Learning Informative Health Indicators Through Unsupervised Contrastive Learning
Rombach, Katharina, Michau, Gabriel, Bürzle, Wilfried, Koller, Stefan, Fink, Olga
Condition monitoring is essential to operate industrial assets safely and efficiently. To achieve this goal, the development of robust health indicators has recently attracted significant attention. These indicators, which provide quantitative real-time insights into the health status of industrial assets over time, serve as valuable tools for fault detection and prognostics. In this study, we propose a novel and universal approach to learn health indicators based on unsupervised contrastive learning. Operational time acts as a proxy for the asset's degradation state, enabling the learning of a contrastive feature space that facilitates the construction of a health indicator by measuring the distance to the healthy condition.

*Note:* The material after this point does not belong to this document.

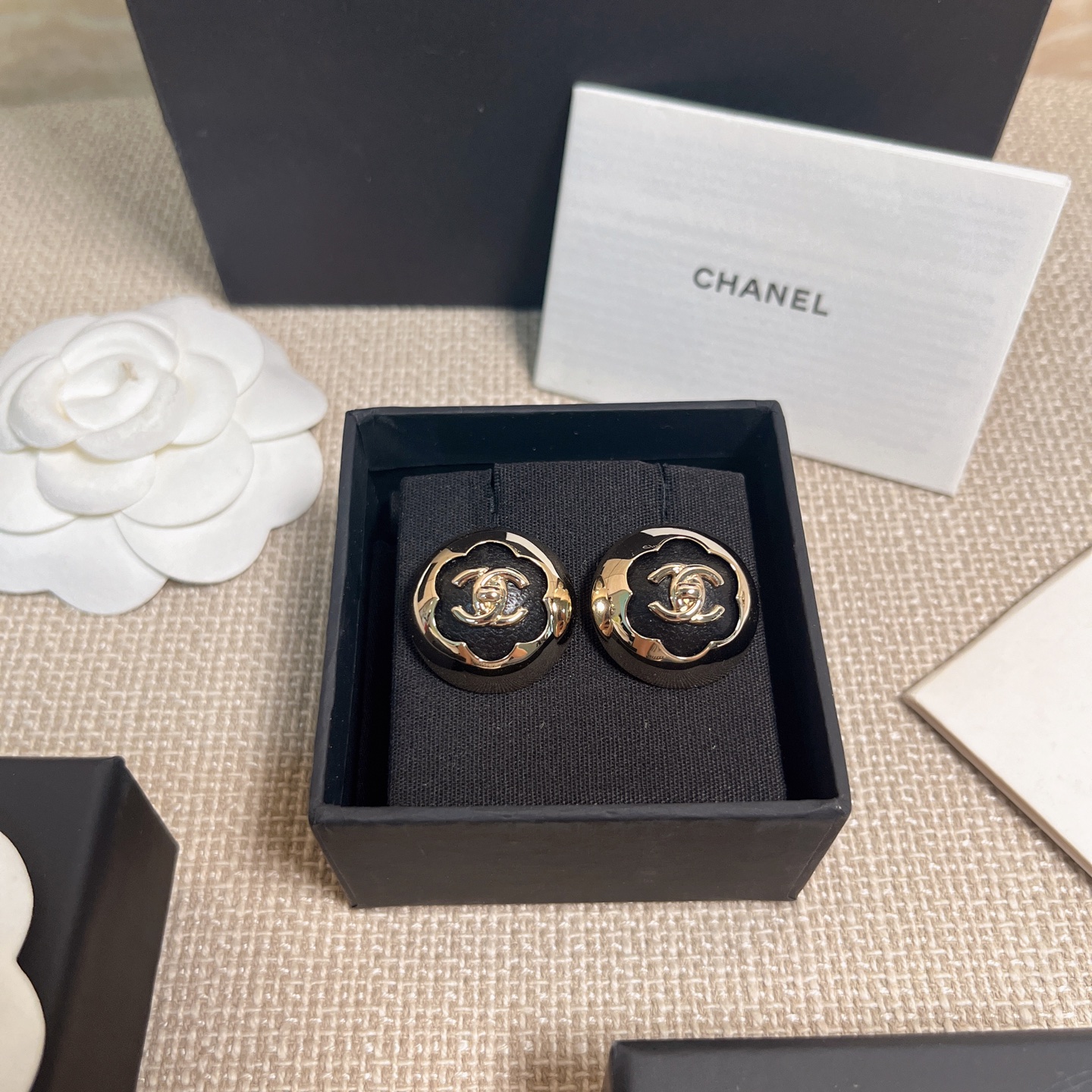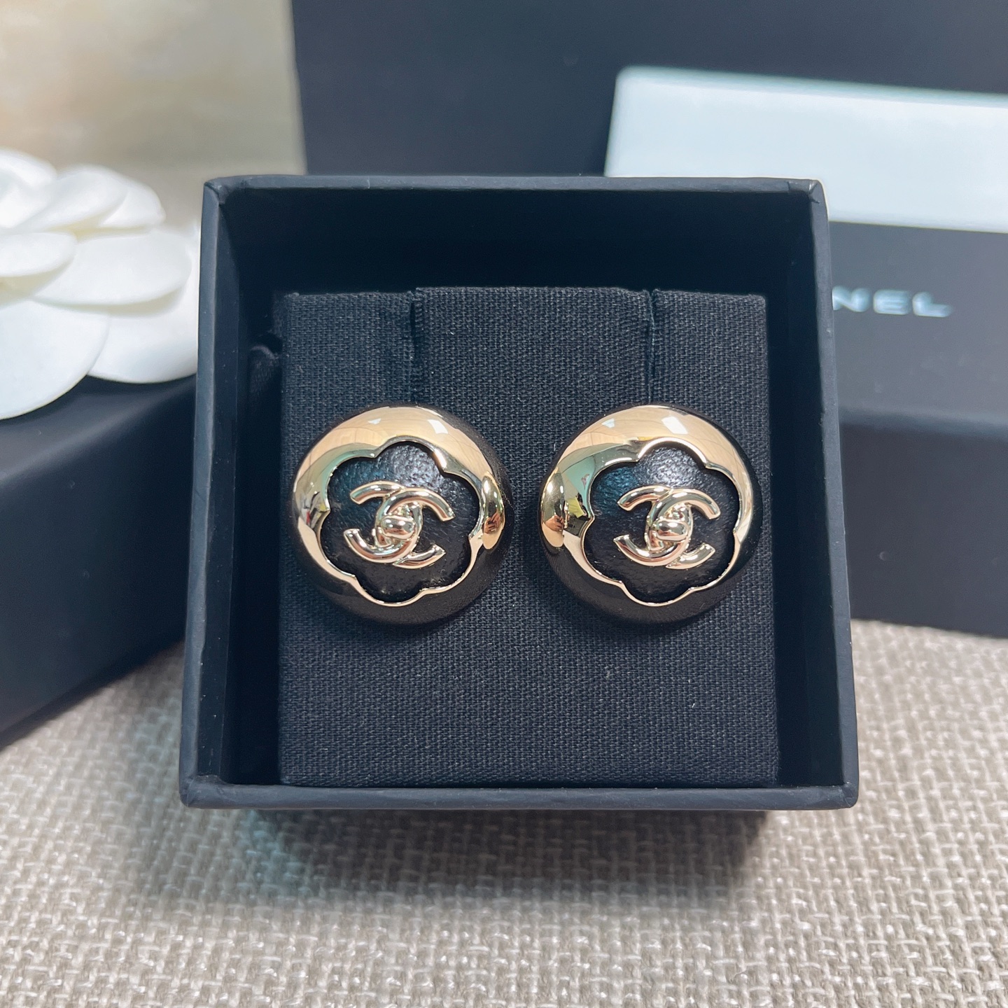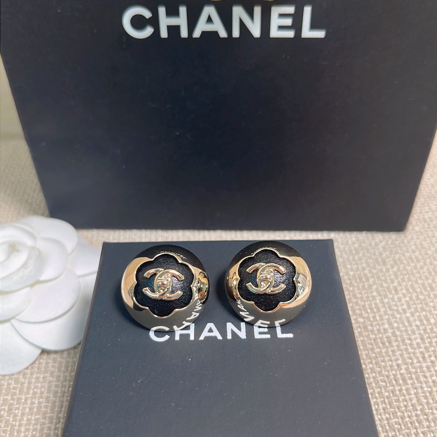 、2025早秋新品 Chanel 25a黑皮茶花半球耳釘 精品 專屬設計
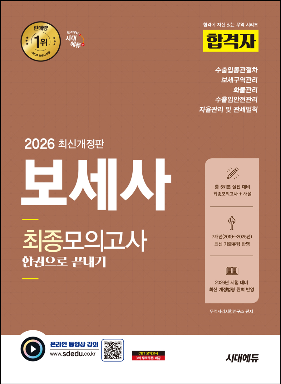 이에 출판문화를 선도하는 시대에듀에서는 보세사 전문자격시험을 완벽하게 대비하기 위해서 새롭게 〈보세사 최종모의고사〉를 출간하게 되었습니다. 최근 보세사 자격시험은 단순한 법령 암기에서 벗어나 사례를 응용하는 방식 등 그 난도가 날로 높아지고 있습니다. 본서에서는 이러한 출제경향을 면밀히 분석하여 실제 시험에 출제될 만한 이론들을 엄선하고, 실제 시험과 같은 구성의 최종모의고사 5회분을 수록하였습니다.

To highlight the universality of the proposed approach, we assess the proposed contrastive learning framework in two distinct tasks - wear assessment and fault detection - across two different case studies: a milling machines case study and a real condition monitoring case study of railway wheels from operating trains. First, we evaluate if the health indicator is able to learn the real health condition on a milling machine case study where the ground truth wear condition is continuously measured. Second, we apply the proposed method on a real case study of railway wheels where the ground truth health condition is not known. Here, we evaluate the suitability of the learned health indicator for fault detection of railway wheel defects. Our results demonstrate that the proposed approach is able to learn the ground truth health evolution of milling machines and the learned health indicator is suited for fault detection of railway wheels operated under various operating conditions by outperforming state-of-the-art methods. Further, we demonstrate that our proposed approach is universally applicable to different systems and different health conditions.